Below are lines of records; copy exactly those from the one containing "Pyjama manches longues." through the one containing "- In hoc tumulo", leaving the pictures behind.

● **Data listing**
■ ■ ■
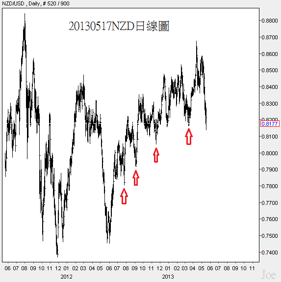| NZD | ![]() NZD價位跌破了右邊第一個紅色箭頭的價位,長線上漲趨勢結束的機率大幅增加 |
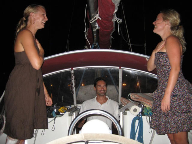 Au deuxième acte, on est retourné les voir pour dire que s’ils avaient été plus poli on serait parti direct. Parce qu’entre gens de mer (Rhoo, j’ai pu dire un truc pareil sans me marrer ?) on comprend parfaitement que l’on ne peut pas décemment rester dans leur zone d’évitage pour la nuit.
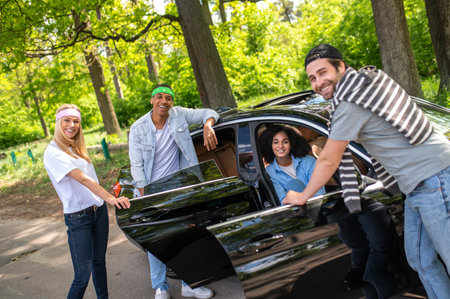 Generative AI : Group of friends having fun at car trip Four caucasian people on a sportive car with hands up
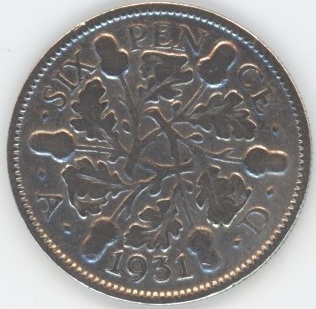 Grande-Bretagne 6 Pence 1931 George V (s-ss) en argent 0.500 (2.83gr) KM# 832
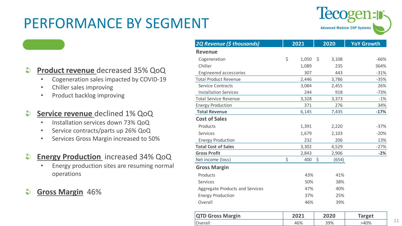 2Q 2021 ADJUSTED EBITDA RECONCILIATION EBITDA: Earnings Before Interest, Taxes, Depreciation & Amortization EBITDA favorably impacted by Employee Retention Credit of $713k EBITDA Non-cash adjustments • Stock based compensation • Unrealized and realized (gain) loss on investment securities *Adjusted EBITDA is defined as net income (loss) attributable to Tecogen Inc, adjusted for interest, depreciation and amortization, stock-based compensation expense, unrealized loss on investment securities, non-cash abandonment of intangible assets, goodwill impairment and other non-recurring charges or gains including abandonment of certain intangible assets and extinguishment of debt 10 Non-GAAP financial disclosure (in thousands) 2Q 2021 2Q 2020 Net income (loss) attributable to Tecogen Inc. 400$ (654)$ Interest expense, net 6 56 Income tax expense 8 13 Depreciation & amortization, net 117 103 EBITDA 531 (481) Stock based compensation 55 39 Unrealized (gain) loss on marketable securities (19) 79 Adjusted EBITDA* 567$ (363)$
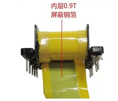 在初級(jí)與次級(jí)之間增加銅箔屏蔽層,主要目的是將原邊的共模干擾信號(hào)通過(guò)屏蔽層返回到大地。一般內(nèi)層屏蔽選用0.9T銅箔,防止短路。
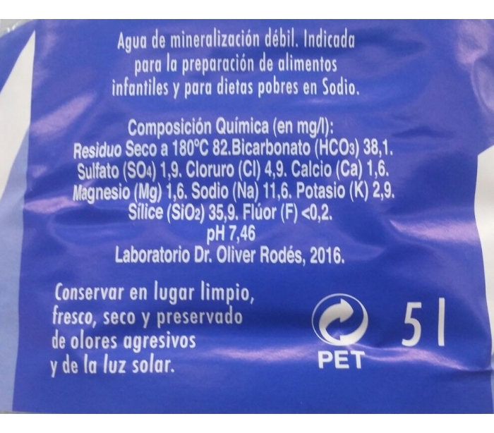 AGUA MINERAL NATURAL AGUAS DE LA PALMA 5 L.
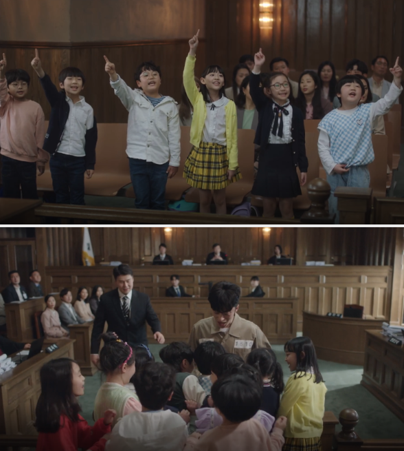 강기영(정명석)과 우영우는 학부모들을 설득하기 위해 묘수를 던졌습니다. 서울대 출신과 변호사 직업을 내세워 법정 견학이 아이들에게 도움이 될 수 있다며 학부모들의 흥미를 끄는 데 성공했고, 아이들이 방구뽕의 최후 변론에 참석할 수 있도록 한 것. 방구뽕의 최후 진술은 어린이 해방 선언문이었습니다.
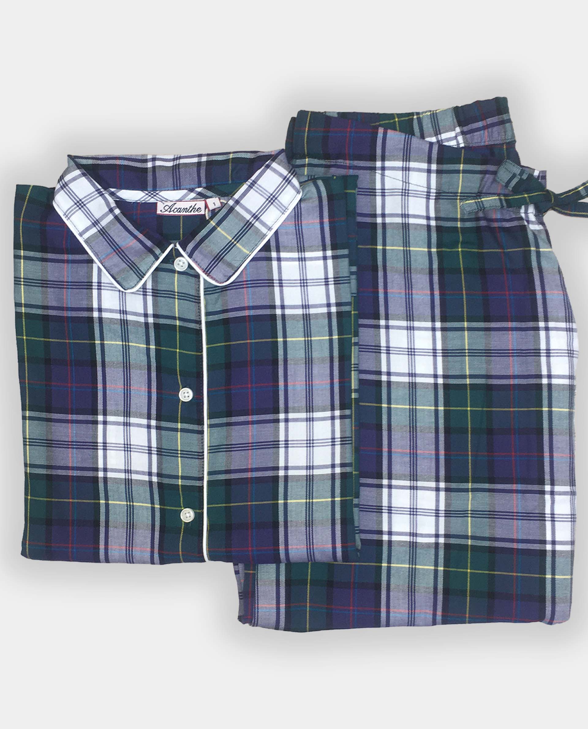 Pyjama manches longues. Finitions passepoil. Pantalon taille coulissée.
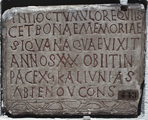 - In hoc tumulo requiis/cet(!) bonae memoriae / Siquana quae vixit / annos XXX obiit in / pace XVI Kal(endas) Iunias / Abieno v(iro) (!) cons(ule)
■ ■ ■
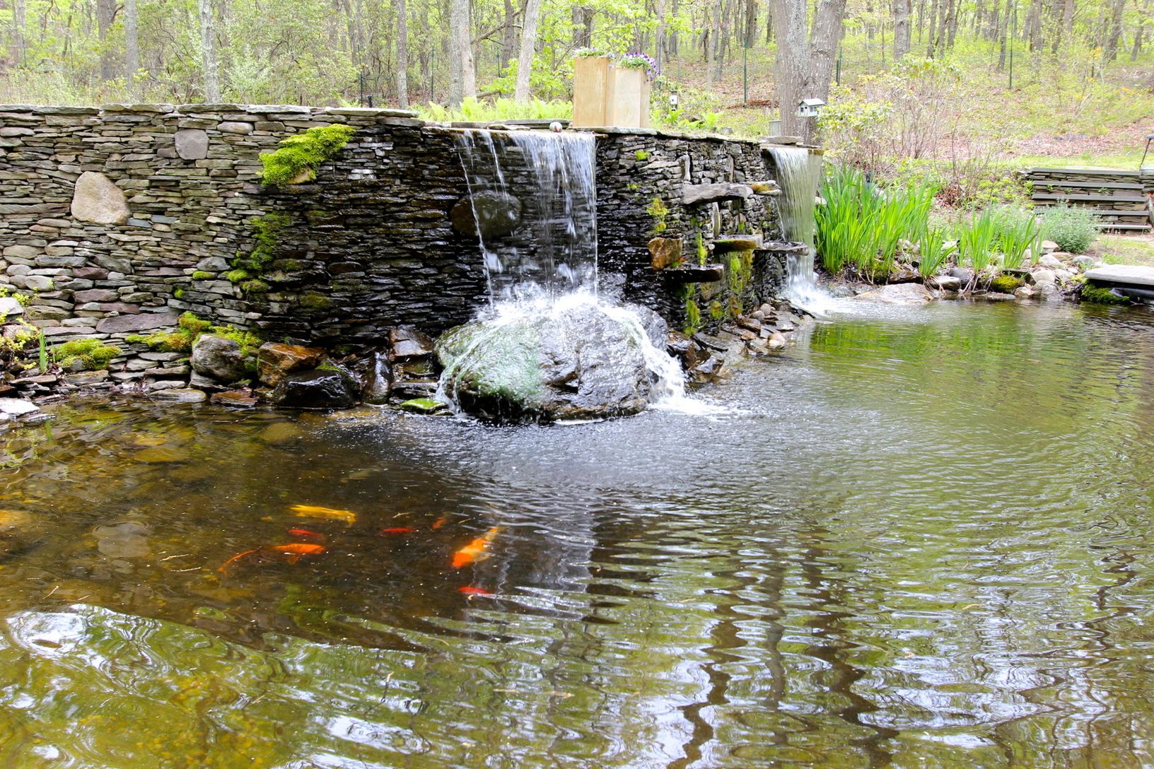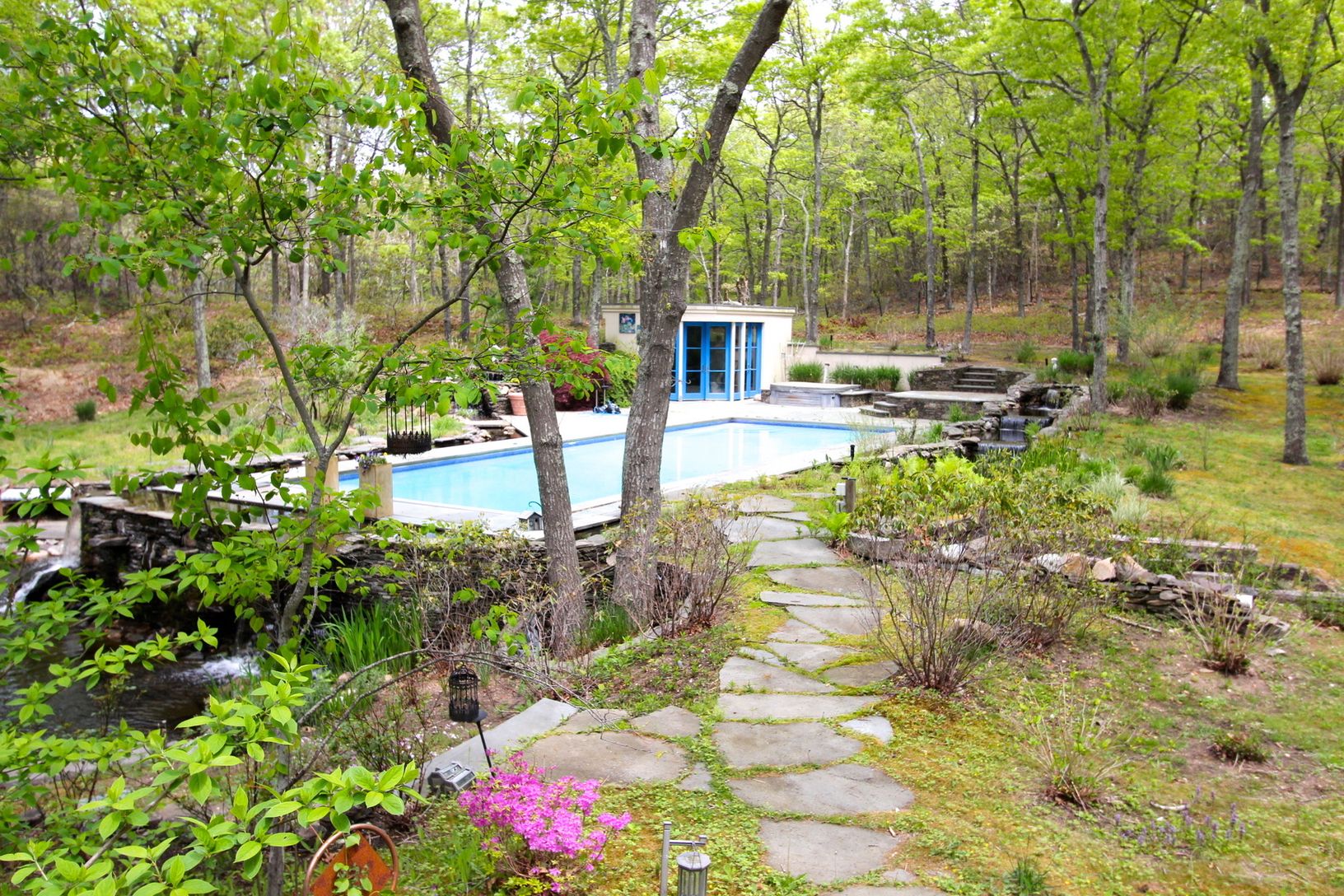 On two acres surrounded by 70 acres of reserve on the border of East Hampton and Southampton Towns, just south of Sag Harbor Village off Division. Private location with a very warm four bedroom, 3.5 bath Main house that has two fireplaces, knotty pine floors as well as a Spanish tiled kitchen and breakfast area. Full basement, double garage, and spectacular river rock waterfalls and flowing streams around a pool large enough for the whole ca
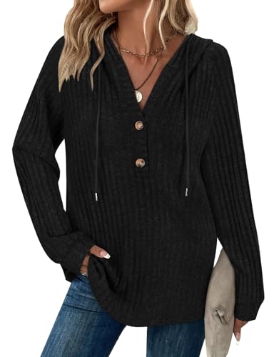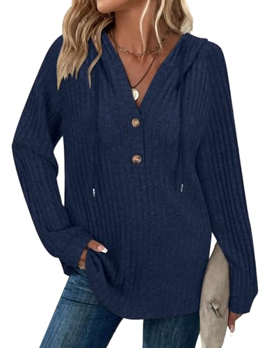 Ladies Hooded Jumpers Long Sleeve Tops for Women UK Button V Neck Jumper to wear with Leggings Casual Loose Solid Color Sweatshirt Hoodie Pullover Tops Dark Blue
■ ■ ■
● **Output**
 Pyjama manches longues. Finitions passepoil. Pantalon taille coulissée.
 - In hoc tumulo requiis/cet(!) bonae memoriae / Siquana quae vixit / annos XXX obiit in / pace XVI Kal(endas) Iunias / Abieno v(iro) (!) cons(ule)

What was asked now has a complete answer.